4,5% des Français de France métropolitaine avaient des anticorps en mai

4,5% des Français de France métropolitaine avaient des anticorps en mai


COVID-19[feminine

«En mai 2020, 4,5% de la population âgée de 15 ans et plus résidant en France métropolitaine avait une terminologie positive pour le SRAS-CoV-2», selon les auteurs de cette étude, menée par l'Inserm EpiCov.

"Cette séroprévalence nationale, c'est-à-dire le pourcentage de personnes ayant développé des anticorps anti-virus, est proche de celle observée dans les pays européens pour lesquels des données du même type sont disponibles.
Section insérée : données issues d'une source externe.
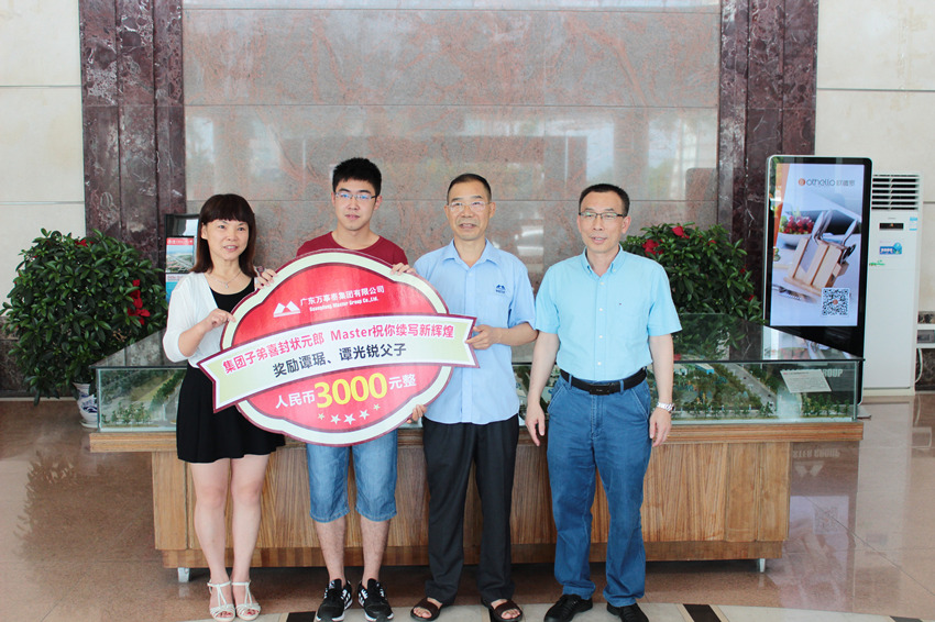 集团领导与员工齐聚总部大堂,共同分享喜悦。并在此进行了简单的颁奖仪式,集团常务副总裁刘炳耀对谭光锐进行颁奖。

Ceci est conforme aux estimations déjà publiées en France." continuer.

Ce ratio «est le plus élevé à Paris (9,0%), en proche banlieue (9,5%) et dans le Haut-Rhin (10,8%)», régions les plus touchées par la première vague de l'épidémie, en mars-avril.
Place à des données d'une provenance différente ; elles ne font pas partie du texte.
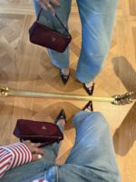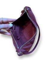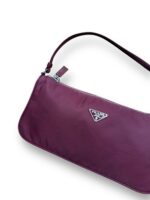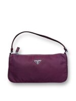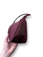 Vintage Prada Tessuto bag in amazing condition. Classic bordeaux nylon bag with nylon strap and silver hardware. Classic Prada Triangle logo on the front. Bag is in brand new condition, no signs of use.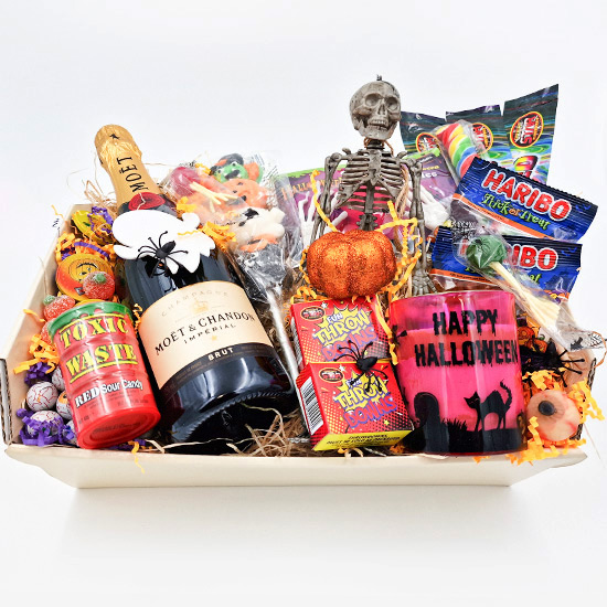 Spooky Sweets, Haunted Candle, and Moët Magic Hamper Comes packed full of treats and Halloween goodies.

En revanche, les régions ayant les ratios les plus faibles sont la Bourgogne-France Comté (1,5%), la Normandie (1,9%), l'Occitanie (1,9%) et la Nouvelle-Aquitaine. (2%).

Ces classes de taille, que l'on retrouve dans toutes les enquêtes mondiales de ce type, sont jugées trop faibles pour atteindre l'immunité collective, dont le seuil est généralement estimé à environ 70%.

Cependant, ces études de séroagression ne prennent pas en compte un autre mécanisme de défense, l'immunité cellulaire (basée sur les cellules, les lymphocytes, et non les anticorps), dont de nombreux chercheurs pensent qu'elle pourrait jouer un rôle important. contre Covid-19.

De plus, la recherche montre que le groupe d'âge le plus testé positif est celui des 30 à 50 ans, même si la mortalité due à Covid-19 est plus élevée chez les plus de 70 ans.

"L'impact sur les hôpitaux est très important chez les personnes âgées, mais dans le même temps, le taux d'infection de la population générale est plus important chez les jeunes adultes", explique Fabrice Carrat, professeur de santé publique à l'Université de la Sorbonne. , lors d'une conférence de presse virtuelle.

Selon la recherche, «le fait de vivre dans une commune à forte densité urbaine, de travailler dans le secteur des soins ou de vivre avec un grand nombre de personnes dans le même logement est associé à un risque plus élevé d'avoir un test positif».

Les recherches d'EpiCov et une autre étude parallèle, appelée Sapris, montrent également que la crise sanitaire a «intensifié les inégalités sociales».

Par exemple, «les personnes vivant dans une maison exiguë ou surpeuplée (moins de 18 m2 par personne pour les personnes partageant un logement) sont 2,5 fois plus susceptibles d'avoir été testées positives au Covid-19».

De même, le taux de tests positifs est plus élevé «chez les migrants nés hors d'Europe que chez les non-migrants», ce qui «s'explique par les conditions de vie moins favorables dans lesquelles certains d'entre eux vivent».

Enfin, la restriction semble avoir ralenti l'épidémie plus dans les «classes sociales riches» que dans les «classes populaires».

L'enquête EpiCov a été développée par l'Inserm (Institut national de la santé et de la recherche médicale) et la DREES (Département de la recherche, des études, de l'évaluation et des statistiques), en collaboration avec la Santé publique France et l'INSEE (Institut national de la statistique et des études économiques).

Sur les 370 000 personnes interrogées, 12 400 ont subi une sérologie d'auto-échantillonnage à domicile. Les résultats ont ensuite été étendus à l'ensemble de la population française.